Application have the string
variable which contains xml
data.
I trying to remove all tags <product_desc></product_desc>
using Regex
.
Here are the value of the string
variable
<orderlines>
<orderline>
<id>1000001</id>
<product_id>2004</product_id>
<product_desc>ITEM2004
Color: red
Size: 150x10x10
Material: iron
</product_desc>
<qnt>2</qnt>
</orderline>
<orderline>
<id>1000002</id>
<product_id>2012</product_id>
<product_desc>ITEM2012</product_desc>
<qnt>4</qnt>
</orderline>
<orderline>
<id>1000003</id>
<product_id>3000</product_id>
<product_desc>DELIVERY</product_desc>
<qnt>1</qnt>
</orderline>
</orderlines>
When I using next pattern:
Dim pattern As String = "(<product_desc>[\s\S]*</product_desc>)"
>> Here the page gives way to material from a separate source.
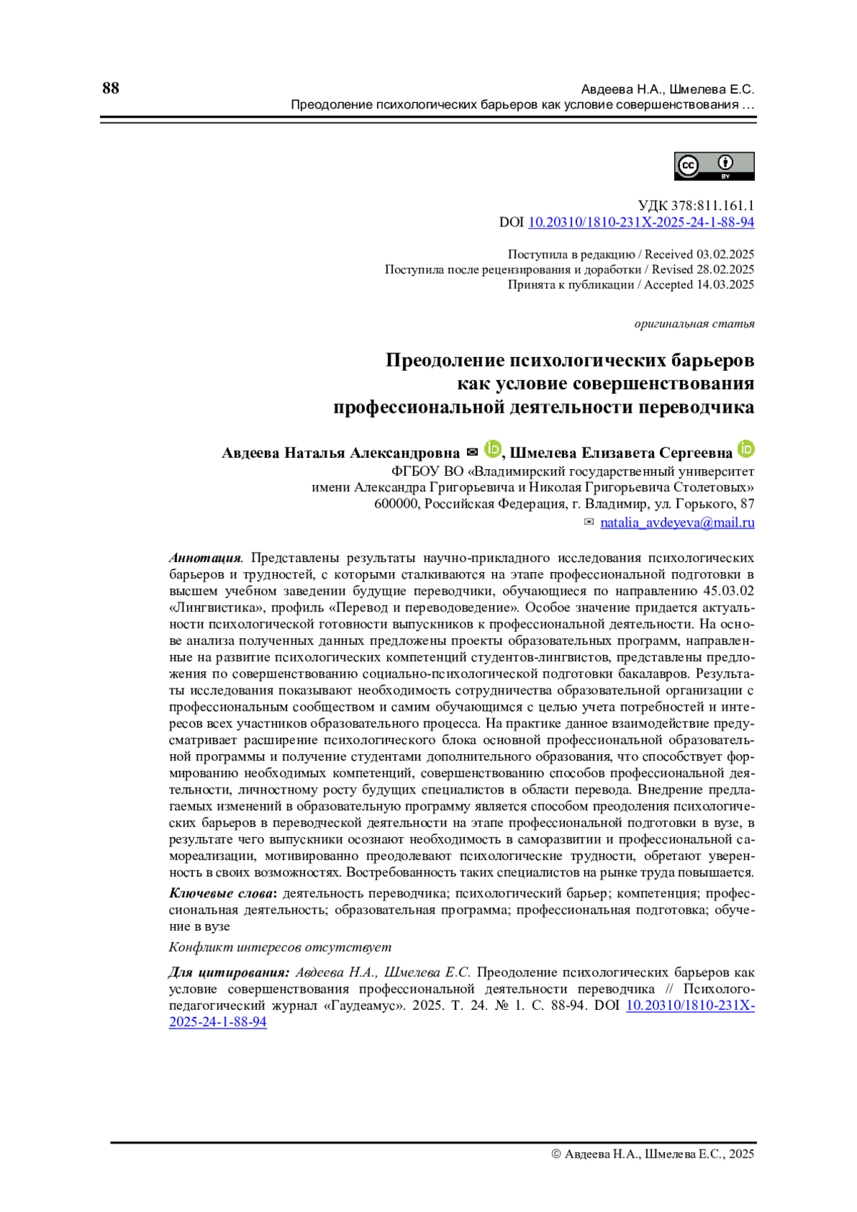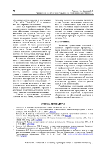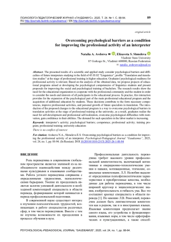 Представлены результаты научно-прикладного исследования психологических барьеров и трудностей, с которыми сталкиваются на этапе профессиональной подготовки в высшем учебном заведении будущие переводчики, обучающиеся по направлению 45.03.02 «Лингвистика», профиль «Перевод и переводоведение». Особое значение придается актуальности психологической готовности выпускников к профессиональной деятельности. На основе анализа полученных данных предложены проекты образовательных программ, направленные на развитие психологических компетенций студентов-лингвистов, представлены предложения по совершенствованию социально-психологической подготовки бакалавров. Результаты исследования показывают необходимость сотрудничества образовательной организации с профессиональным сообществом и самим обучающимся с целью учета потребностей и интересов всех участников образовательного процесса. На практике данное взаимодействие предусматривает расширение психологического блока основной профессиональной образовательной программы и получение студентами дополнительного образования, что способствует формированию необходимых компетенций, совершенствованию способов профессиональной деятельности, личностному росту будущих специалистов в области перевода. Внедрение предлагаемых изменений в образовательную программу является способом преодоления психологических барьеров в переводческой деятельности на этапе профессиональной подготовки в вузе, в результате чего выпускники осознают необходимость в саморазвитии и профессиональной самореализации, мотивированно преодолевают психологические трудности, обретают уверенность в своих возможностях. Востребованность таких специалистов на рынке труда повышается.

Dim newvalue As String = Regex.Replace(originvalue, pattern, "")
I get result like this:
<orderlines>
<orderline>
<id>1000001</id>
<product_id>2004</product_id>
<qnt>1</qnt>
</orderline>
</orderlines>
So problem is that Regex
matches all values between first <product_desc>
and last </product_desc>
and replace them with empty string. This approach remove all <orederline>
tags between them(check value of the <qnt>
tag).
Can anybody give some tip of how limit removing to remove only specific tag. Content of the tag can contain all possible characters, newlines and even html code.